Bei einem anderen Hobby ist keine Detektivarbeit erforderlich: "Spektakuläre Effekte" werden auf Internetseiten versprochen, die Brandmittel für Feuerschlucker und -spucker anbieten. Wenn es schlecht läuft, bekommt die auch der Pneumologe zu sehen. "Die Pyrofluide enthalten Petroleum. Wenn sie inhaliert werden, kommt es zu einer Zerstörung von Surfactant und einer Lipidpneumonie", warnte Oltmanns. Schon die Inhalation von winzigen Partikeln macht sich sofort durch Erstickungsgefühl und Husten bemerkbar. Innerhalb weniger Stunden kommen Atemnot, Brustschmerz und Fieber hinzu. Ärztlicherseits lassen sich Rasselgeräusche, Obstruktion und erhöhte Entzündungsparameter (aber ein nomales Procalcitonin) feststellen.

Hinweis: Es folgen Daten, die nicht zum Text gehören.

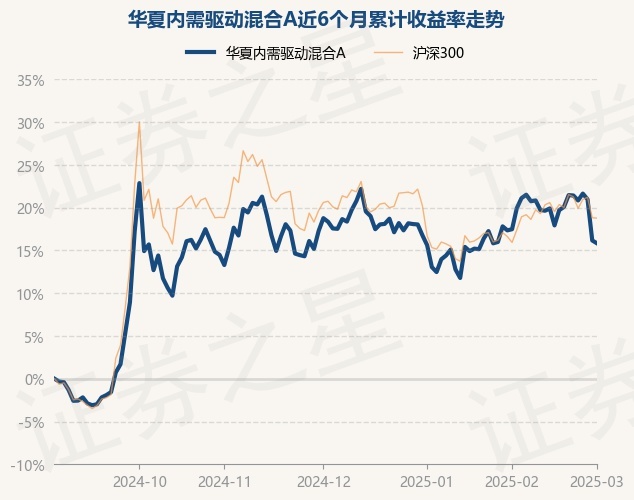 证券之星消息,3月3日,华夏内需驱动混合A最新单位净值为0.5203元,累计净值为0.5203元,较前一交易日下跌0.29%。历史数据显示该基金近1个月下跌1.29%,近3个月下跌2.13%,近6个月上涨15.83%,近1年上涨7.19%。该基金近6个月的累计收益率走势如下图: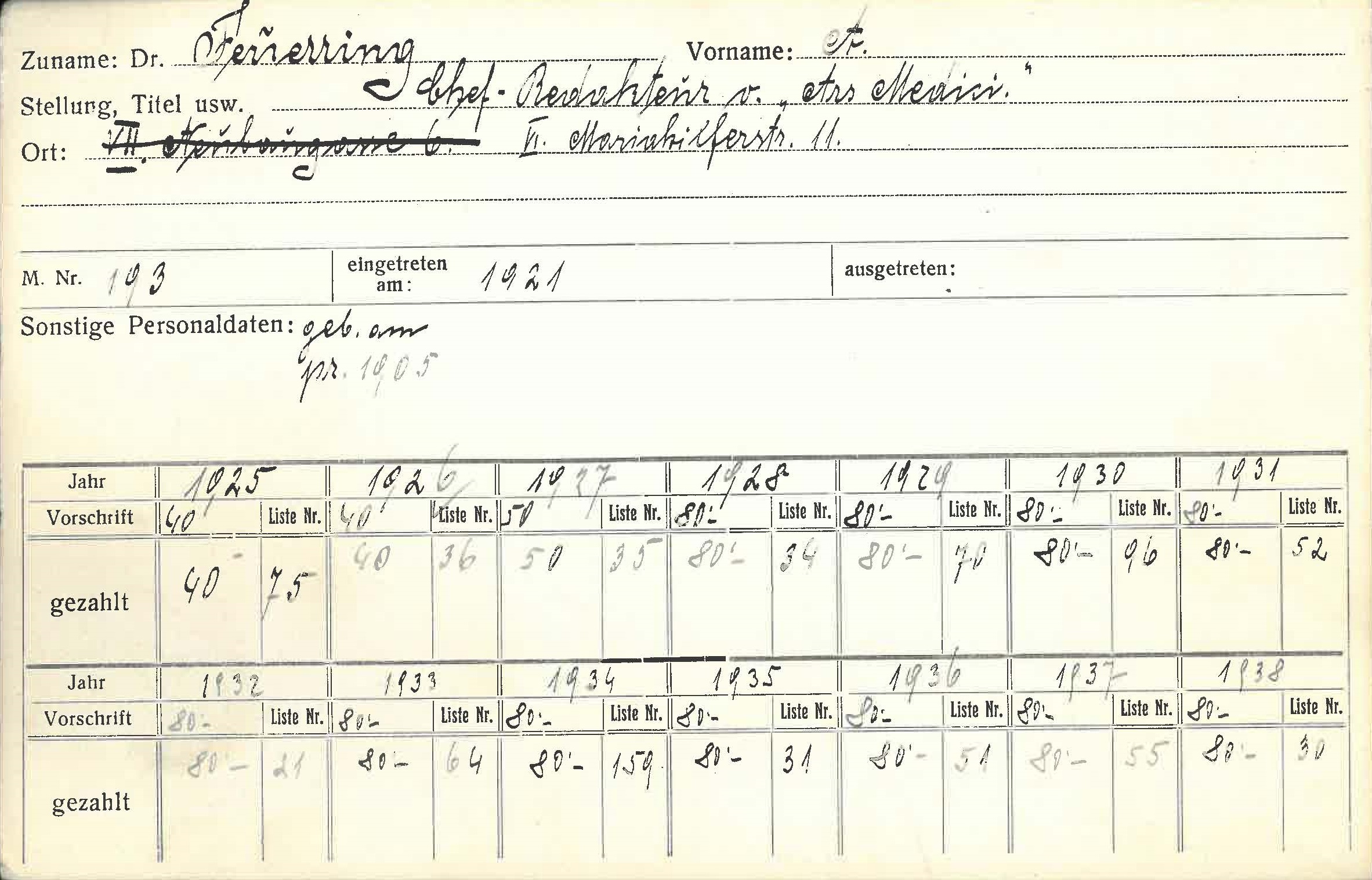 Alfred (Abraham) Feuerring (1880–1963). Isidor Fischer listet keine Vorträge von Feuerring. Text: Josef Hlade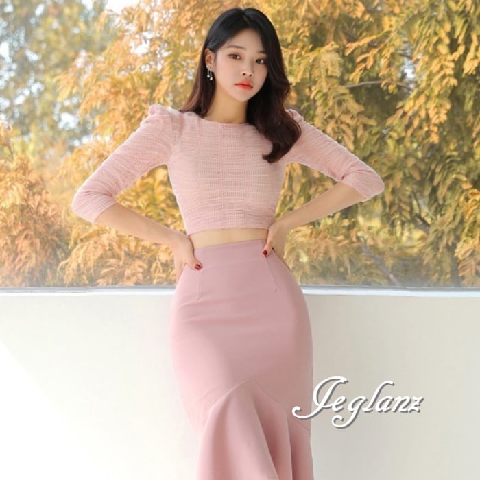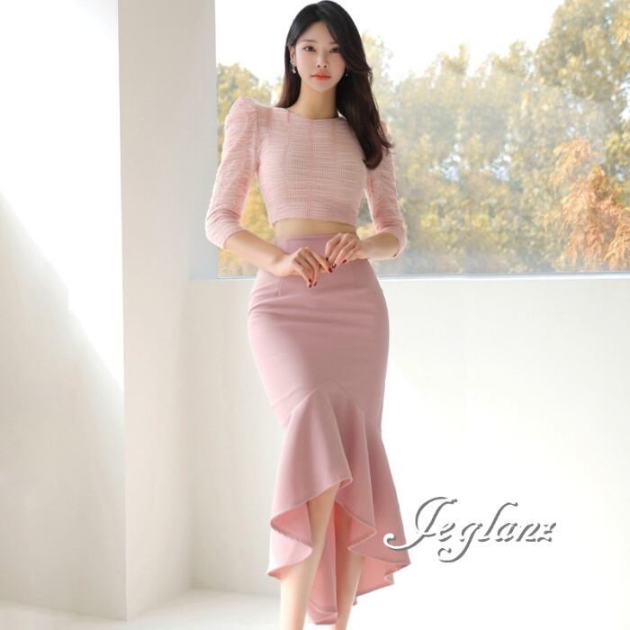 セットアップ 2点 クロップド丈 トップス 7分袖 フィッシュテール 肌見せ (M6435)★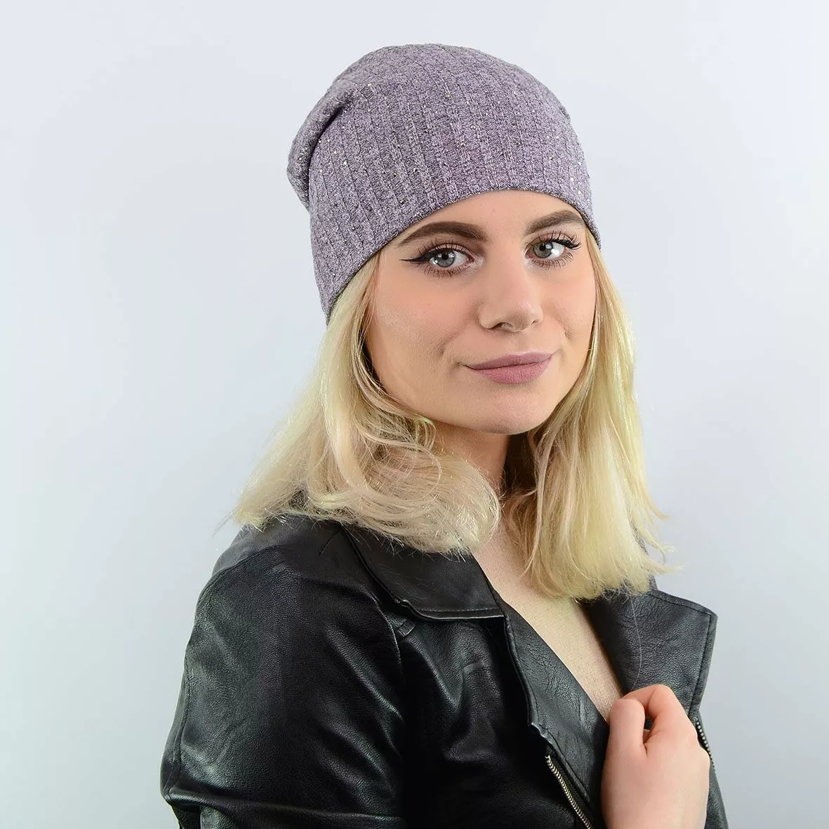 Двухслойная трикотажная шапка с люрексом, удлиненной формы,

Im Röntgenbild sind basale Verschattungen und Konsolidierungen zu sehen, im CT Milchglasinfiltrate und später Pneumatozelen. Falls eine Lavage gemacht wird, zeigt sich eine Neutrophilie; histologisch besteht eine proliferative Bronchiolitis.

Für die Therapie der Lipidpneumonie gibt es keine Evidenz. Laut Oltmanns werden oft Kortikoide und prophylaktisch auch Antibiotika gegeben, sowie unterstützend Sauerstoff. Wiederholte Bronchoskopien mit Lavage seien nicht indiziert. Zwar kann es zu einer bakteriellen Superinfektion und einem ARDS kommen – "aber generell haben die Patienten eine gute Prognose", so die Pneumologin.